TASK DIRECTIONS:
The exact lines from the start of the material below through the line holding "先把彩纸的中间折出米字形,再把折痕向内收起就成了图二的样子。" are the answer; return those, pictures excluded.

Start of DATA EXCERPT

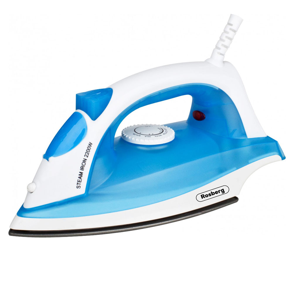 Основни характеристики: Парна ютия Rosberg R51050AT, 2200 W, 150 мл, Тефлонова плоча, Син/Бял - Код G9080
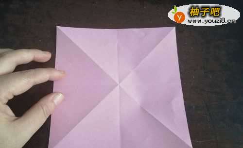 先把彩纸的中间折出米字形,再把折痕向内收起就成了图二的样子。
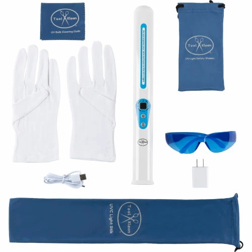 The Tool Klean Anti-Microbial UVC Light Stik Sanitizer is an excellent way to kill germs on items and surfaces such as tables, counters, dog beds/toys, cat litter boxes, bathrooms, computer keyboards, cell phones, masks, groceries and any item or surface exposed to micro-organisms. Using a slow, low sweep of the item or surface does the job efficiently and quickly. The UVC Stik Sanitizer is portable, compact, and great for home, work, or on the go. Tool Klean products are produced in an EPA Establishment facility in New York. Note: EPA regulates all UVC sanitizers as pesticides devices, and they can only be produced by an EPA registered establishment with the proper claims and labeling. MicroChem lab testing results for the Tool Klean Anti-Microbial UVC Light Stik Sanitizer are as follows: S. aureus (bacteria) kill 99.99%, T. interdigitale (ringworm) kill 99.9997%. Features: Digital control 5/15/30 minute timer, Automatically shuts off when turned upward toward eye for safety, Rechargeable battery with an adapter, Kit includes special eye protective glasses w/pouch, skin protective gloves, Stik pouch for travel or storage, and a UVC bulb cleaning cloth, The powerful 4-watt UVC bulb is embedded in reflective material for enhanced treatments, The UVC bulb is wrapped in Shatterproof Safety Film (SSF) to protect against breakage, Bulb life 10,000 hours, Bulb Wavelength 254 nm, Bulb Intensity 1198 uw/cm2.

End of DATA EXCERPT

WRITTEN REPLY:
 Основни характеристики: Парна ютия Rosberg R51050AT, 2200 W, 150 мл, Тефлонова плоча, Син/Бял - Код G9080
 先把彩纸的中间折出米字形,再把折痕向内收起就成了图二的样子。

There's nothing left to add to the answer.